Tuesday, August 6, 2013

Baby Got Back Problems

Ouch! I dunno if it's my new sleeping arrangement, or I pulled a muscle mid pole-trick (okay, it's obviously not the latter since I don't know any!), but I worked the other day with an extremely painful back. I couldn't call in sick, since my summer days at the club are numbered and I'm trying to max out before the semester starts up, so I popped a prescription painkiller, chased it with a wee bit of tequila, and worked a generally slow shift completely stiff and unable to lift my leg, hoping to look graceful nonetheless. Lucky for me, this super awkward dude (perhaps somewhere on the Asperger's spectrum?) who was VERY well schooled in the realities of corporate media bullshit about surveillance and the War on Terror (yet completely incapable of making eye contact or a joke) wanted to give me a few hundred bucks to just stare at my ass. Nice! I didn't have to give a painful dance; after talking dope politics and having my ass worshipped, I could just camp out in the dressing room and massage my lower back out of spasm.

Ass Worship dude isn't alone in his love for politics and random strip club behavior. Recently, another dude came in who was similarly awesome in his politics. This white, handsome, middle-aged dude wanted to talk at the bar about media bias, US empire, and the ways the US "creates" terrorists - both by pissing people off through shitty foreign policy, and by literally grooming militants against "our" enemies who then turn their weapons back on us after we've armed and trained them. And he wanted to tip me generously while we talked! Score! Anyhow, I was sort of leaning on him while we talked about all kinds of fascinating stuff - the bullshit Zimmerman verdict, terrible media reporting about homeland security, and Snowden. I counted later, and during the course of this interesting chatter, he'd tipped me a few hundred in singles. Sounds like easy money, huh? But as soon as I pulled away from him to go on stage, I noticed his nasty, veiny, pink dick had been OUT the whole time we were talking!
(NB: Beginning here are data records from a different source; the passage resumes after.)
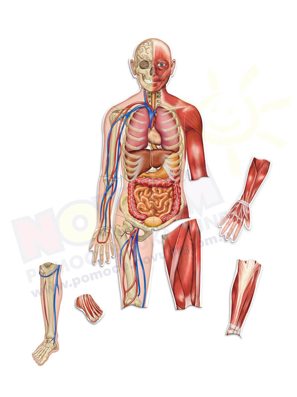 Dwustronny, duży, magnetyczny zestaw demonstracyjny prezentujący budowę ciała człowieka: układ kostny, główne organy, grupy mięśni. Wys. 90 cm.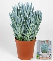 De moderne kamerplant senecio Aquarine® Mount Everest is werkelijk een bijzondere blikvanger voor in huis of op kantoor! De grijsblauwe waslaag op de cilindervormige bladeren geven haar een bijzonder allure. De senecio Aquarine® Mount Everest kan goed met andere planten worden gecombineerd, maar heeft ook genoeg statuur om in zijn eentje de show te stelen. Zowel binnen als ook op het terras zal ze prachtig gedijen. Ze past heel goed in potten, vazen en bakken in bonte kleuren en verschillende materialen.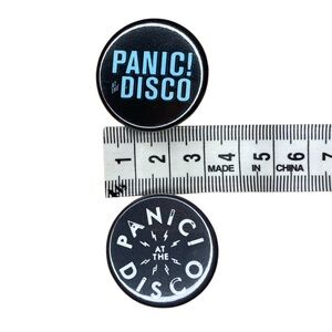Set of 2 Panic! At The Disco logo pins from Hot Topic, measuring 3cm in diameter. Stickers removed from the back but they’ve never been used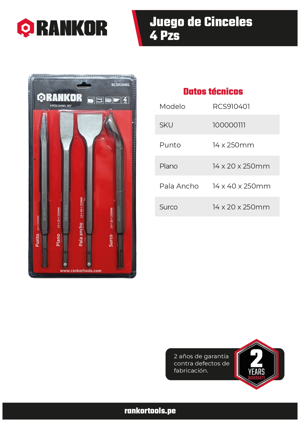 Set de cinceles SDS Plus x 4 piezas Rankor

In other news, this other guy has been convinced that, even though I've told him several times that I don't give my number out at work, if he comes to see me enough times, I'll change my mind. Here's a literal exchange between me and him:

Him: So can I have your number? We can go out for dinner sometime?
Me: Sorry, like I said last time, I can't give my number to you. I don't give my number to any customers I meet here.
Him: No, you will give me your number. Maybe not today, but you'll give it to me. You'll see.
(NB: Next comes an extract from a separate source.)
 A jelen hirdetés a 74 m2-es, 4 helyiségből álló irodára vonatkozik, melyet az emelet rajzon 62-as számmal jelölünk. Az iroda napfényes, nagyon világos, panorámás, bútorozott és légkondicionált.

I'm sorry, what? Who is he, the little engine that got wood? Does this kind of creepy persistence EVER pay off? Or has he just watched one too many Bollywood movies and now believes harassment is the way to a woman's heart?


  1. Booties, Bollywood and brilliant blogging. Keep em cumming! Plus bonus points for the Seinfeld ref.

  2. What's the Seinfeld reference.
    Sorry I'm such a Dumb guy

  3. Dumb guy, click on the link in the second paragraph!

  4. Got it.
    I guess it just needed some air.